▶ [Recorded data]

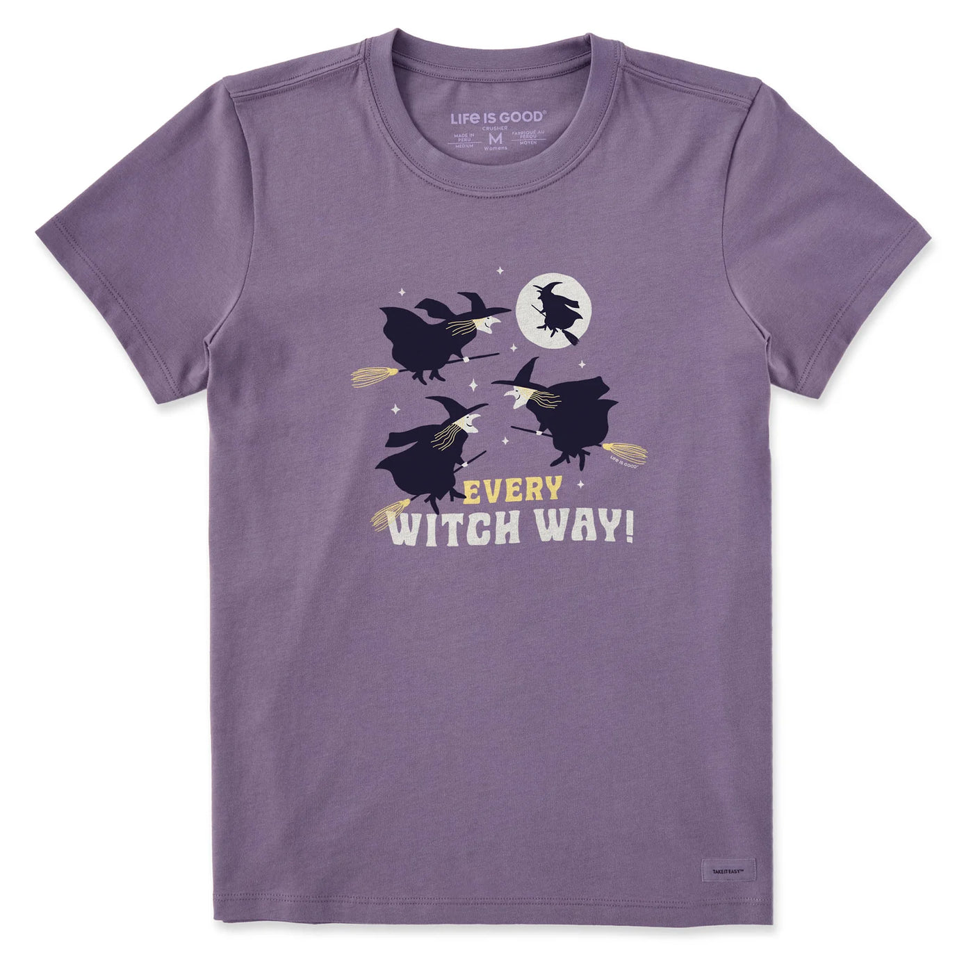 Life is Good. Women's Every Witch Way Short Sleeve Crusher Tee, Dusk Purple
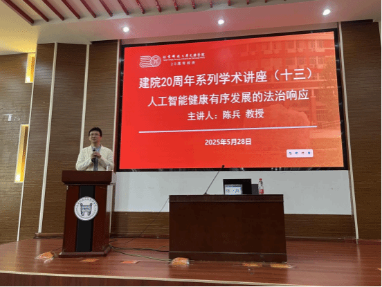 2025年5月28日15时,建院20周年系列学术讲座第十三讲在理工馆学术报告厅成功举办。南开大学法学院副院长陈兵教授为师生们带来了一场以“人工智能健康有序发展的法治响应”为主题的精彩讲座。此次讲座由法律系系主任朱京安教授主持,法律系部分教师及150余名学生参加了本次活动。
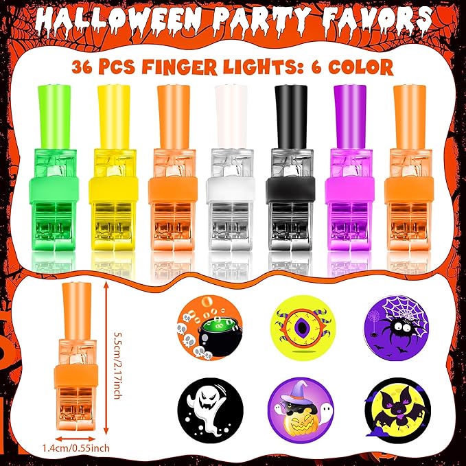About This [ Halloween Party Favors for Kids ] You'll receive 36 Halloween LED finger projection lights in 6 festive... Read more
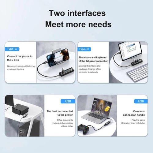 - Extensión de Puertos USB para ordenadores Portátiles y de escritorio con Conexión Tipo C

▶ [What this task involves]
Repeat the whole listing above word for word, but keep any picture out of it.

▶ [Finished task]
 Life is Good. Women's Every Witch Way Short Sleeve Crusher Tee, Dusk Purple
 2025年5月28日15时,建院20周年系列学术讲座第十三讲在理工馆学术报告厅成功举办。南开大学法学院副院长陈兵教授为师生们带来了一场以“人工智能健康有序发展的法治响应”为主题的精彩讲座。此次讲座由法律系系主任朱京安教授主持,法律系部分教师及150余名学生参加了本次活动。
About This [ Halloween Party Favors for Kids ] You'll receive 36 Halloween LED finger projection lights in 6 festive... Read more
 - Extensión de Puertos USB para ordenadores Portátiles y de escritorio con Conexión Tipo C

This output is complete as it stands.